===== Record extracts

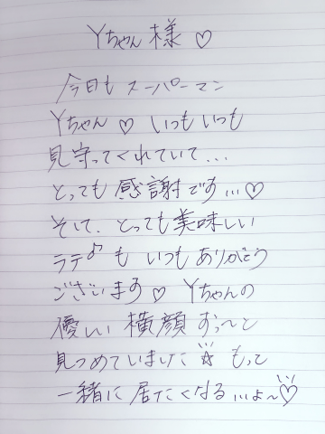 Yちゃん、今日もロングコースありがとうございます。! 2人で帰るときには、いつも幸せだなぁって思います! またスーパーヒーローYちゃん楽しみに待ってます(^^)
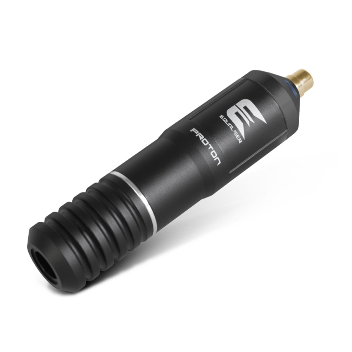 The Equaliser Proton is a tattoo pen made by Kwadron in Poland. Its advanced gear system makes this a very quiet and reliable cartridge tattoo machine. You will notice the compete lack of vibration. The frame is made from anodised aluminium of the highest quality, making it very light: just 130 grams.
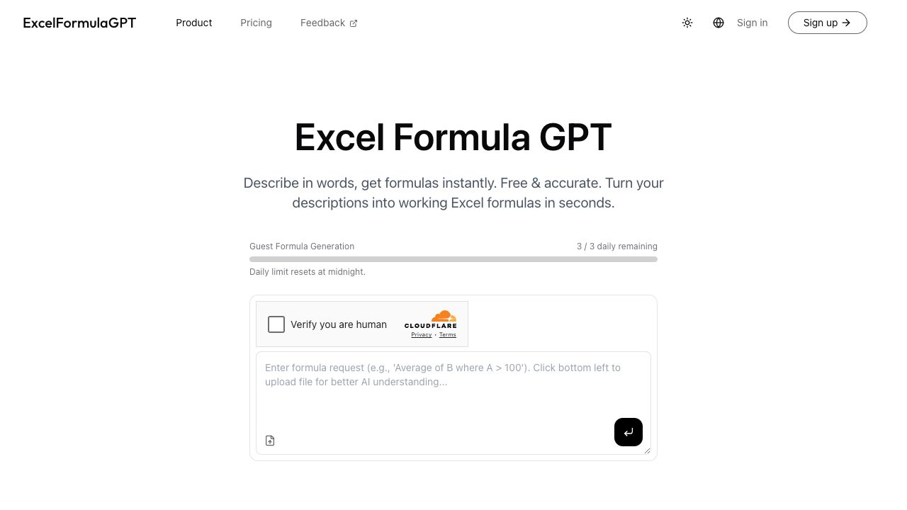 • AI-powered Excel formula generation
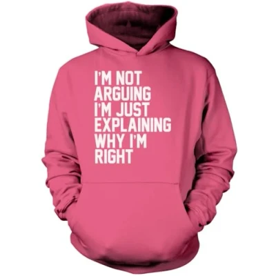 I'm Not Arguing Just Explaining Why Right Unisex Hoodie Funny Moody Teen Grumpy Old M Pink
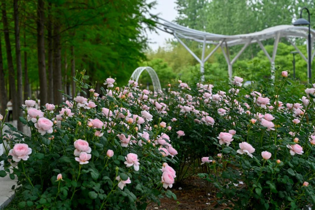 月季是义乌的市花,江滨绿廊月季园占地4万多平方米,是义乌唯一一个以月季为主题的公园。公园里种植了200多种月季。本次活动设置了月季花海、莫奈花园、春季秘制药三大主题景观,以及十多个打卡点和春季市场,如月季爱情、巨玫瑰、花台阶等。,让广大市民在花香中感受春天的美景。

==========

Write out, word for word, the line containing "I'm Not Arguing" and each line after it to the end of the data, and nothing more. Drop the pictures.

- _Result for this exercise_:
 I'm Not Arguing Just Explaining Why Right Unisex Hoodie Funny Moody Teen Grumpy Old M Pink
 月季是义乌的市花,江滨绿廊月季园占地4万多平方米,是义乌唯一一个以月季为主题的公园。公园里种植了200多种月季。本次活动设置了月季花海、莫奈花园、春季秘制药三大主题景观,以及十多个打卡点和春季市场,如月季爱情、巨玫瑰、花台阶等。,让广大市民在花香中感受春天的美景。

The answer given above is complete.